Yan mac Ruith war an ihr vorbeigegangen und hatte unentwegt seine Beschwörungen gerufen. Nicht ohne einen kurzen Blick auf sie zu werfen, als sie ihn erreicht hatte. Er schritt völlig unbewaffnet den Gang entlang und verschwand in dem Raum, den Brannon bewohnt und dort beinahe seine Mutter getötet hätte.

»Er wollte mich tatsächlich umbringen«, sagte sie und verzog schmerzhaft das Gesicht, als Swidger ihr aufhelfen wollte. Er war an etwas Feuchtem ausgerutscht, und als er im Licht der Fackel seine Hände betrachtete, waren sie rot vor Blut.

»Du bist verletzt! Wo …?«, begann er und beugte sich zu ihr nieder, die Augen voller Sorge und Wut.

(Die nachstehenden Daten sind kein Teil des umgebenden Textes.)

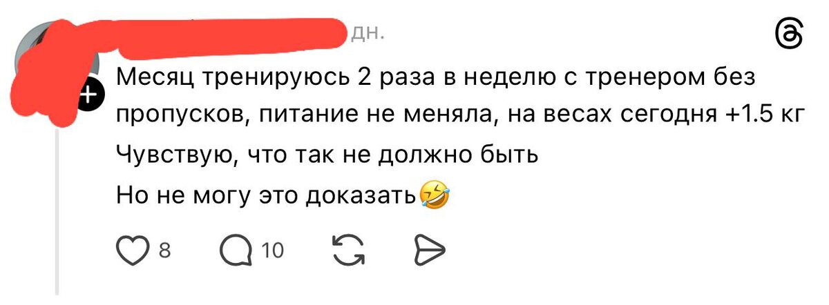 ? 🤔 Попалась очередная публикация, полная наивных заблуждений, которую так и хочется разобрать Уверен, у каждого тренера бывает клиент, который за первый же месяц хочет всё и сразу. И сегодня вы узнаете, как объяснить, что происходит с его телом на самом деле 1️⃣Что считать похудением? Несколько странно приходить за цифрой на весах. Но многие так делают, хотя: 💡вес — это мышцы, соединительная ткань, жидкость, скелет, органы, а не только жир 💡вес меняется в течение дня в пределах 1–1,5 кг. И это нормально Куда надёжнее использовать как ориентир: ✅обхваты ✅фото ✅самочувствие и производительность Вес — это очень шумный показатель 2️⃣Что происходит в первый месяц Мышцы, которые раньше особо ничего не делали, начинают требовать больше энергии. Во время тренировки берут они её из гликогена А теперь важный момент: 🫠1 г гликогена удерживает ~3 г воды То есть: • гликоген ↑ • вода в мышцах ↑ • вес ↑ И длится это 1–2 месяца, а в пересчёте на килограммы может дать +1–3 кг (иногда б

»Halb so schlimm«, schwächte sie ab und deutete mit einer Hand auf ihren Rücken. »Er hat mir nur zu einer neuen Narbe verholfen.« Sie schaffte es, ihn dabei neckisch anzulächeln. »Ich hoffe, sie wird dir den Gefallen an meiner Haut nicht nehmen.«

Verblüfft kniete er sich zu ihr nieder und schüttelte den Kopf. »Frauen! Wie kannst du jetzt an Sex denken?«

»Du bist der Einzige, der mir geblieben ist«, entgegnete sie entwaffnend und konnte scheinbar selbst nicht begreifen, dass sie den Angriff ihres Sohnes auf diese Weise beiseiteschieben konnte. Er sah trotzdem die Verzweiflung in ihren Augen.

»Holt Salbe und Binden!«, rief er über die Schulter und nahm sie in den Arm. Er drückte ihr einen Kuss auf den Mund und zu seiner Überraschung und Freude erwiderte sie ihn mit unerwarteter Leidenschaft. Als sie sich wieder voneinander lösten, stand Yan mac Ruith wieder neben ihnen und machte ein noch finsteres Gesicht als üblich.

Arianrhod blickte zu ihm hoch und hatte Tränen in den Augen.

»Ich habe keinen Sohn mehr«, sagte sie halb erstickt.

»Du hattest nie einen Sohn«, antwortete Yan düster und hielt ein Stück Stoff in der Hand, das einen runden Gegenstand zu enthalten schien. Sie wusste sofort, was es war.

»Du hast Cumail gefunden.«

»Er muss ihn lange gefoltert haben«, sagte Yan tonlos »Vielleicht seit dem Tag, an dem er verschwunden ist.« Er zögerte einen Augenblick und schien mit sich zu ringen. »Ich … werde versuchen, Cumail wieder zu erwecken.«

Dann ging er mit dem Kopf in der Hand hinaus ins Freie.